Sudan closes opposition paper, withdraws licence
By Opheera McDoom
KHARTOUM, June 12 (Reuters) – Sudanese authorities on Sunday closed down Sudan’s only English-language opposition daily, the Khartoum Monitor, and withdrew its licence, the chairman of the paper’s board said.
Alfred Taban, whose paper focuses mostly on southern issues, said a supreme court judge had told him by letter that the paper’s licence had been withdrawn, overruling an appeal court decision two years ago to allow it to continue to publish.
“We did not even know that it had gone to the supreme court — this information was not communicated to us,” Taban told Reuters. The board will appeal against the ruling, he added.
The Khartoum Monitor has been briefly closed down many times over the past two years. Recently it was suspended for one day for printing an article about violent clashes in a camp south of Khartoum between police and refugees, most of them from the south and the troubled Darfur region.
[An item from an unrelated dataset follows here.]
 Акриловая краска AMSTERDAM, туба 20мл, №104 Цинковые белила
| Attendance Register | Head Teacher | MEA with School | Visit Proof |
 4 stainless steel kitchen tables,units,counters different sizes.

Taban said the attorney-general had some years ago brought a case against the paper which, as a result, had its licence withdrawn. The board appealed against the verdict and in 2003 the court of appeal overturned the lower court ruling and restored the paper’s licence.
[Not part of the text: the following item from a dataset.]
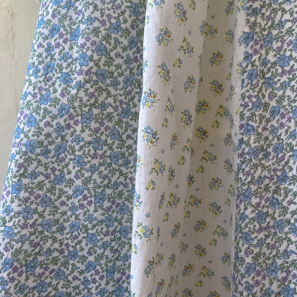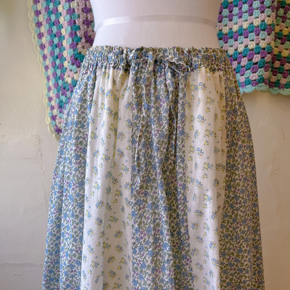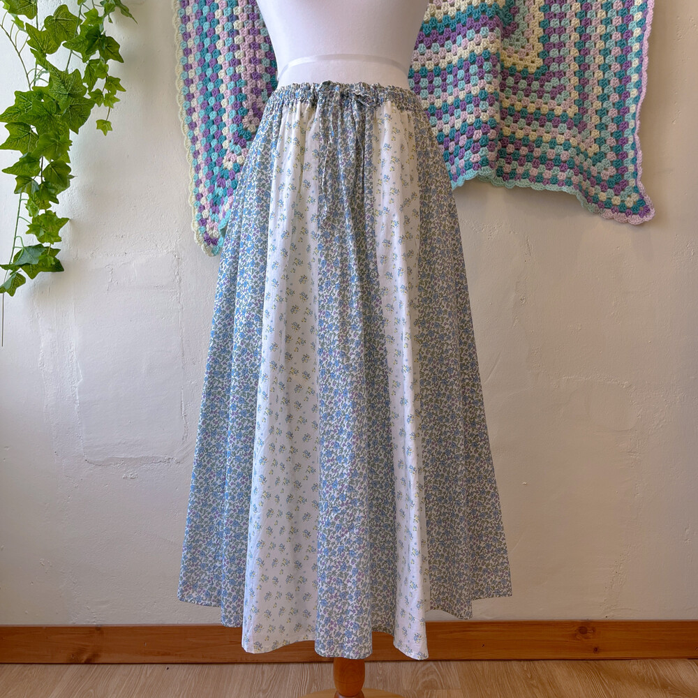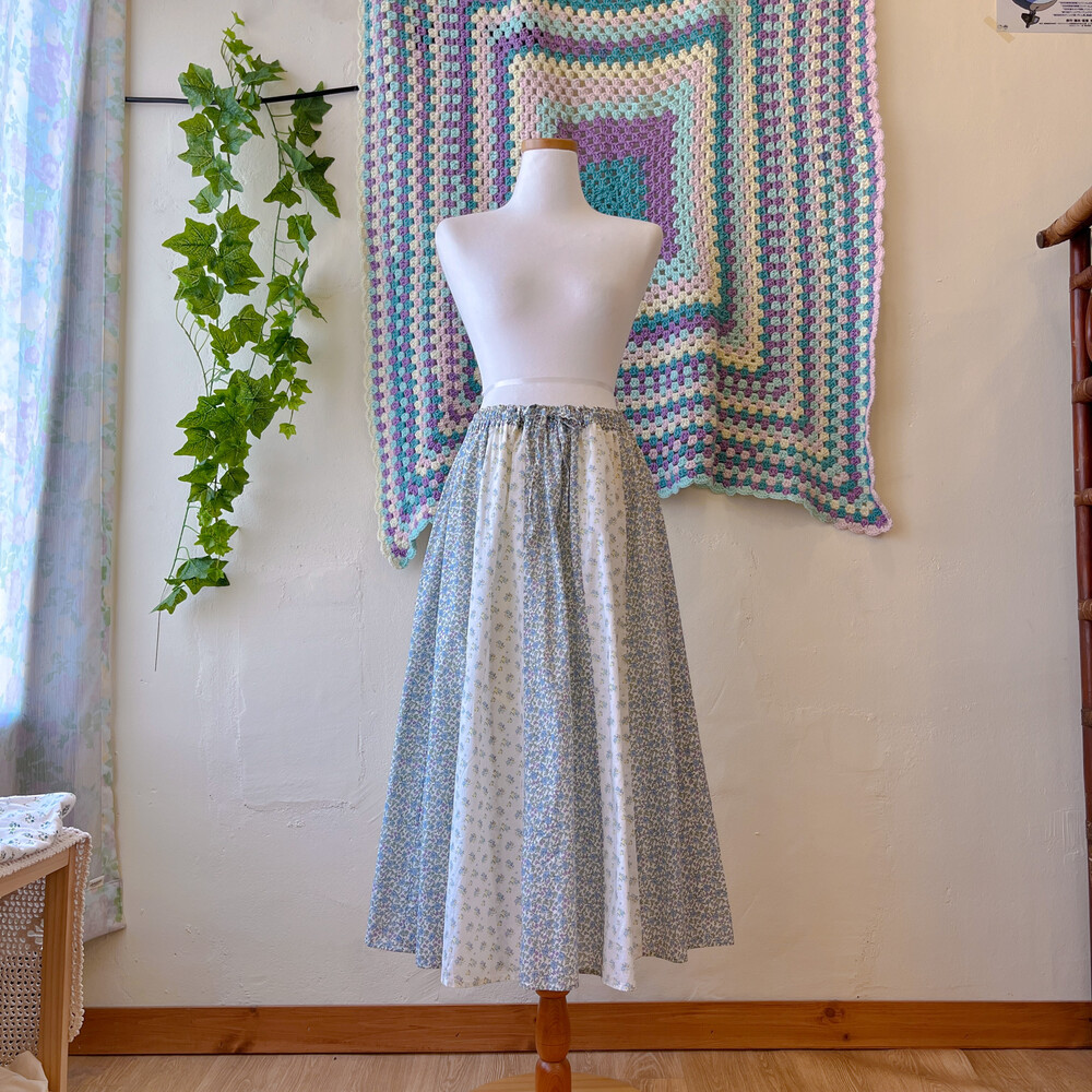 블루 꽃무늬 패턴의 패치워크 코튼 스커트예요

But the paper, one of only three independent dailies in Sudan, has since suffered repeated censorship and closure, Taban said.
The attorney-general was not immediately available for comment.
“We are going to appeal for the reversal of this decision,” Taban said. “This court is acting two years late.”
He said the ruling contravened the principle of freedom of the press enshrined in the peace deal signed in January between the former rebel Sudan People’s Liberation Army (SPLA) and the government to end more than two decades of civil war in southern Sudan.
The deal does not cover a separate conflict in Sudan’s wertern Darfur region.
The Comprehensive Peace Agreement (CPA) allows for a new coalition government to be formed, expected on Aug. 9, as well as wealth and power sharing and a referendum after six years in which the south can opt to secede.
Taban said the closure might have been ordered because the paper often published calls from southerners to split from the north, or because his board had been talking to the international community about censorship of the press, which the government denies exists.
“We want the full implementation of the CPA and this allows for unity and separation and the chance to give both views a chance,” Taban said. “(It also means) freedom of the press, transparency and democracy,” he added.